Y aunque ello retrasase los planes de viaje hacia Marrakech, suponiendo mayores riesgos por un nuevo ataque de los benimerines, Nuño adoptó esa media tras sopesar fríamente los pros y los contras que eso conllevaba para su tropa y la empresa encomendada por su rey, sin dejar de valorar también que la presencia y ayuda de lo tuareg posiblemente disuadiría a sus enemigos y se abstendrían o se medirían más antes de molestarlos otra vez.
Y los jóvenes soldados ilesos se entretenían en peleas de entrenamiento o compitiendo entre ellos en improvisadas carreras y otros juegos típicos de muchachos que necesitan gastar las energías y ejercitar sus músculos para no caer en una perjudicial molicie para sus cuerpos y espíritus.
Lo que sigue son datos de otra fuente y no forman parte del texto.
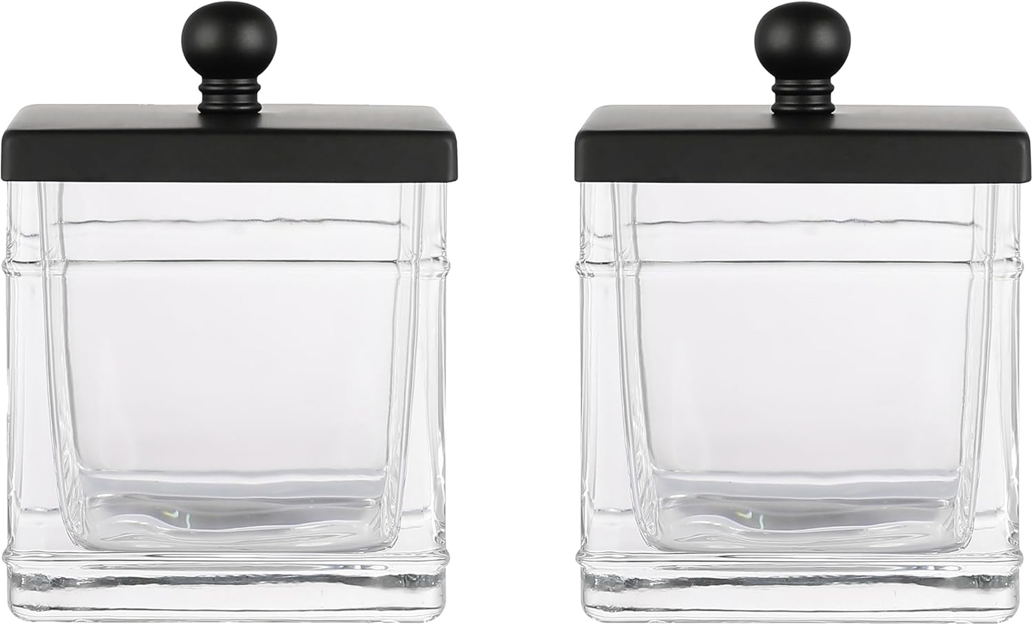 Glass Cotton Jar Holder 2 Pack– Matte Black Lid, Elegant Bathroom Storage Canister for Qtips, Cotton Balls, Floss, Makeup Organizer, Vanity & Bathroom Organization
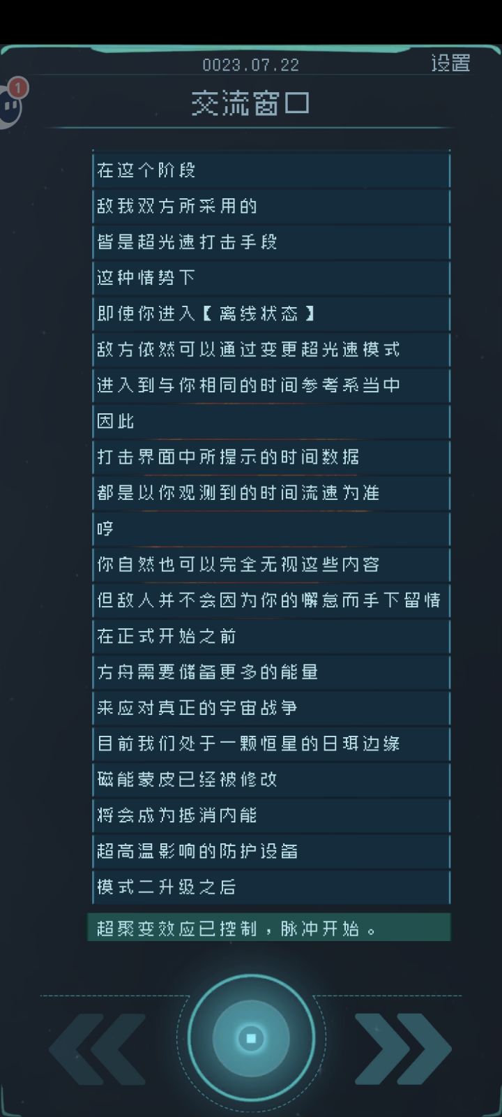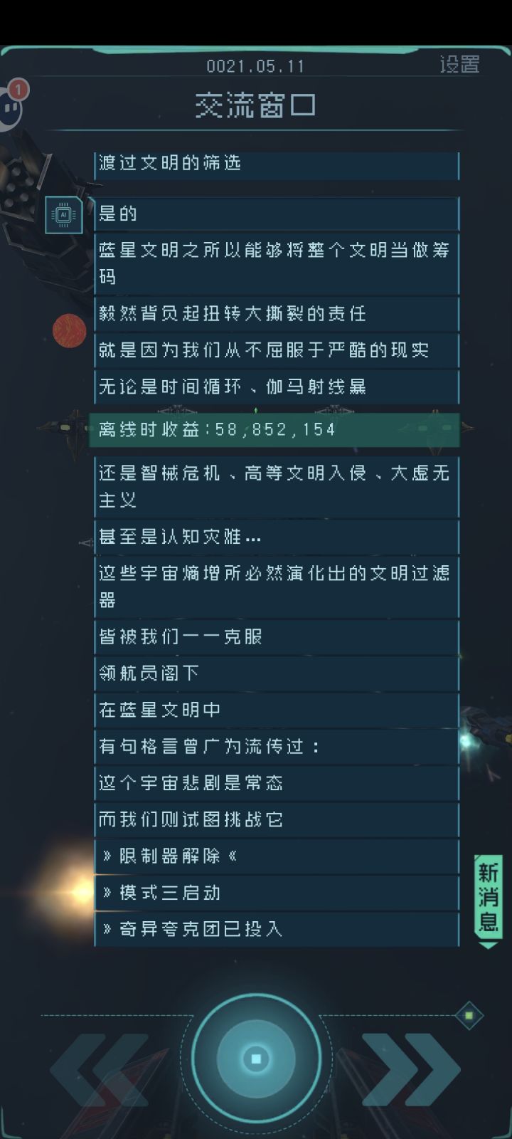 该文明只有在领航员部分共生(重要文明不打击、奇点降临、机械嬗变)的情况下在第九星出现。》新的文明《》已发现:233文明----------------------------------------------》新的文明标签已解锁[星舰文明]该文明依靠一个小型星际舰队前进,大约有100艘星舰。其星舰的技术水平甚至略高于蓝星文明。威胁度:50%--------------------
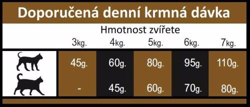 Snadno stravitelné sacharidy, pro zajištění kvalitní srsti, kůže a podporu trávení. Obsah omega 3 a 6 esenciálních mastných kyselin pro správné fungování mozku a optimální kondici kardiovaskulárního systému . Obsah zinku napomáhá udržovat zdravou kůži a lesklou srst . FOS + MOS s prebiotickými účinky prospěšné pro trávící soustavu. Optimální poměr vápníku a fosforu pro silné a zdravé zuby.

Guzmán abandonó la jaima donde reposaba el cautivo y regreso junto a su amo entristecido y con el alma rota al ver la tristeza y desesperación de Ubay por la pérdida de su amado y no poder ir tras él para encontrarse de nuevo en ese paraíso que cada noche le construía con sus besos.
Y Nuño, siempre atento al estado de ánimo de su amado, le dijo que se acercarse y llevándolo a un apartado detrás de un bello y trabajado tapiz persa le preguntó: “Qué te pasa, mi amor? A qué se debe esa triste melancolía en tus ojos?”
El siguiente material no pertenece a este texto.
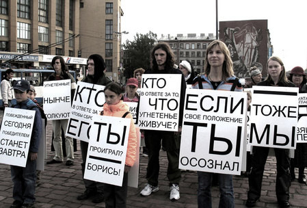 Probabilmente Russia Unita avrebbe vinto lo stesso anche senza barare ma questi brogli sono lo specchio di un potere che non si accontenta di vincere, un potere che vuole il predominio assoluto. Come se tutto ciò non bastasse Mr. Putin ha dichiarato di voler ritornare alla presidenza nel marzo del 2012 e la reazione dei cittadini è stata quella di riversarsi nelle strade per manifestare contro lo strapotere di un presidente che ha il completo predominio della politica e della vita sociale in Russia. Come volevasi dimostrare anche la comunità creativa si è unita alla protesta, seguendo le orme dell’ormai celeberrimo movimento Occupy. Il collettivo artistico Chto Delat ad esempio ha già iniziato a pubblicare sul sito web ufficiale alcune clips, video e foto che sbeffeggiano Putin. Anche i mitici Voina non stanno di certo a guardare ed hanno già iniziato ad agitare gli animi sul loro blog, nello specifico gli agguerriti artisti hanno posto l’accento sull’arresto di Philip Kostenko, attivista politico che negli ultimi giorni è stato illegalmente arrestato per aver protestato in piazza.
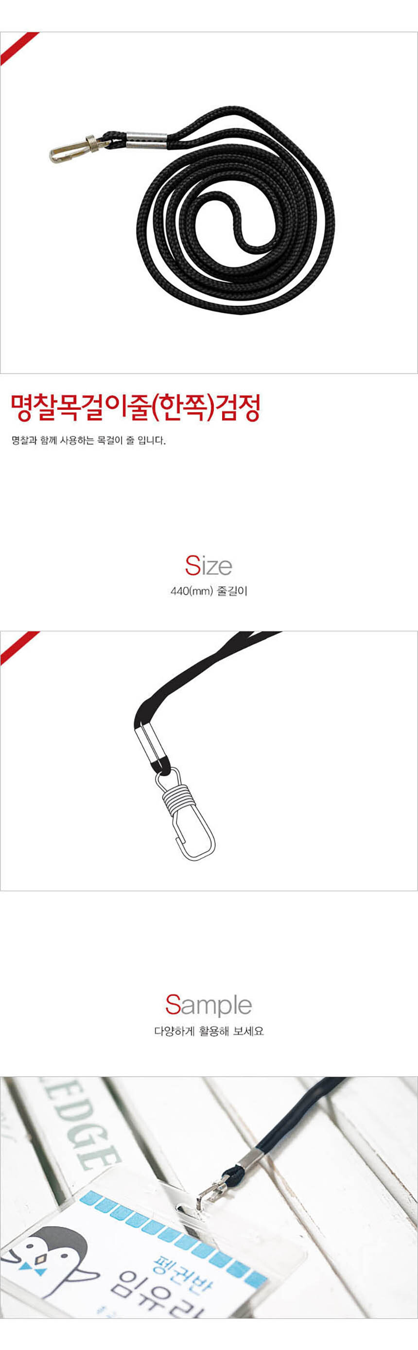 | 제품명 | 명찰목걸이줄 한쪽 검정 100개입 |
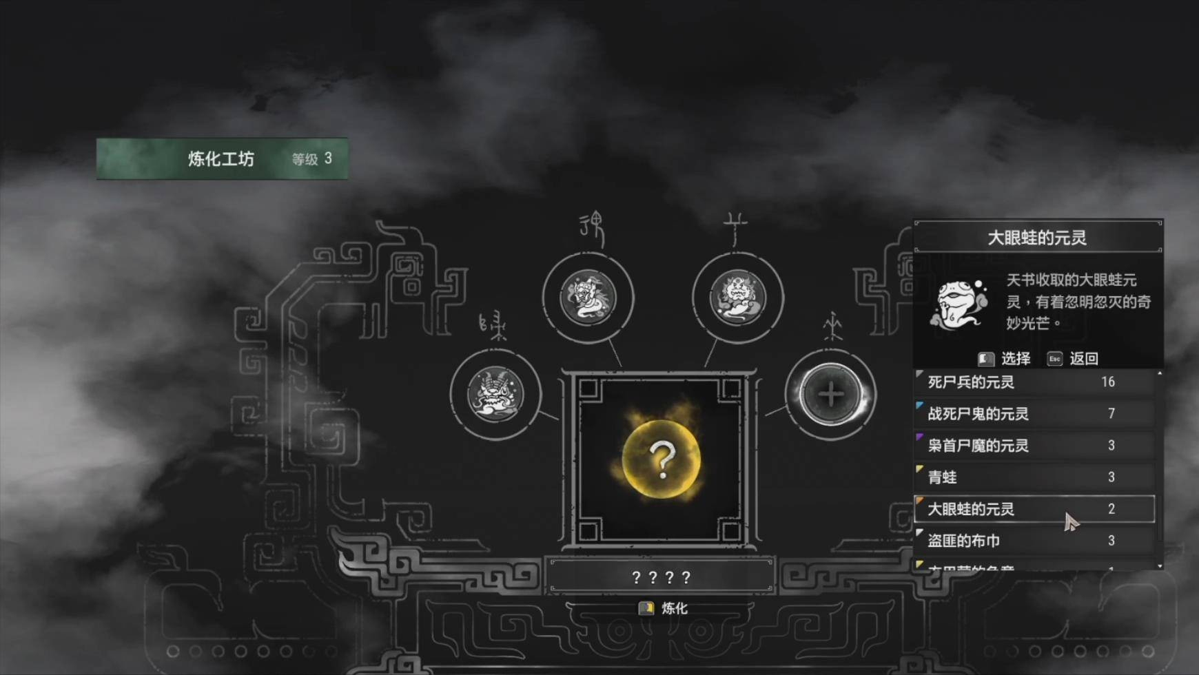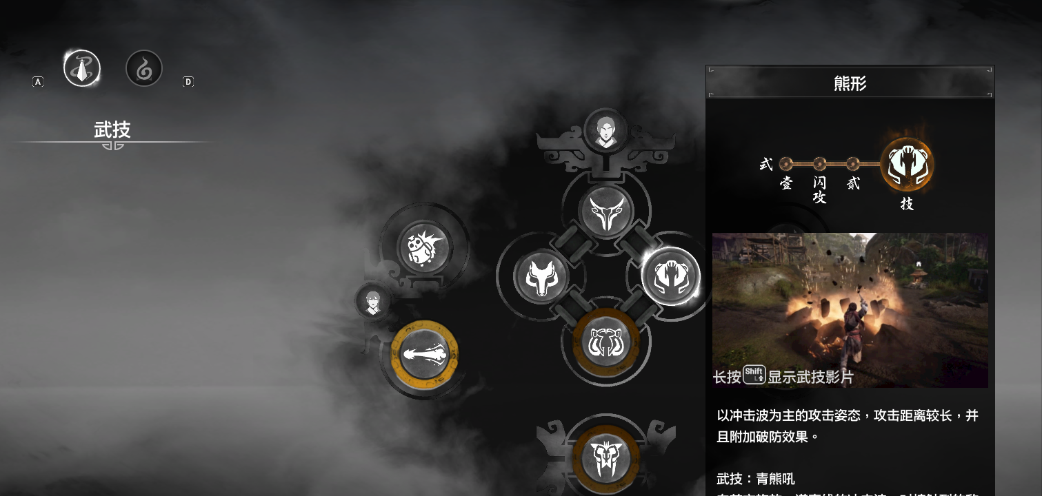本作中的技能共計分為5大類型,除了最基礎的「狼」、「虎」、「熊」、「牛」四種以外,在打敗Boss「檮杌」後還會獲得另外一種形態。不過,想要使用這些技能都有著一個共同點,那就是——玩家必須提升技能熟練度。玩家需要裝備該形態並在戰鬥中使用,系統會依據玩家在戰鬥中使用次數,在結束後換算為相應技能的熟練度。

Y el esclavo respondió casi sollozando: “Mi amo y mi gran amor, ese cautivo tan sólo es un muchacho al que le privamos de una vida feliz junto a su amado señor y amante. No soporta la vida sin ese hombre y yo lo entiendo y comprendo su agonía, pues sin ti ni podría ni querría seguir viendo. Y eso mismo le ocurre a él y no debí impedir que cumpliese ese deseo de permanecer para siempre junto a su amante. A mi me hubiese supuesto la muerte en vida que me mantuviesen en este mundo si tú no estás conmigo”.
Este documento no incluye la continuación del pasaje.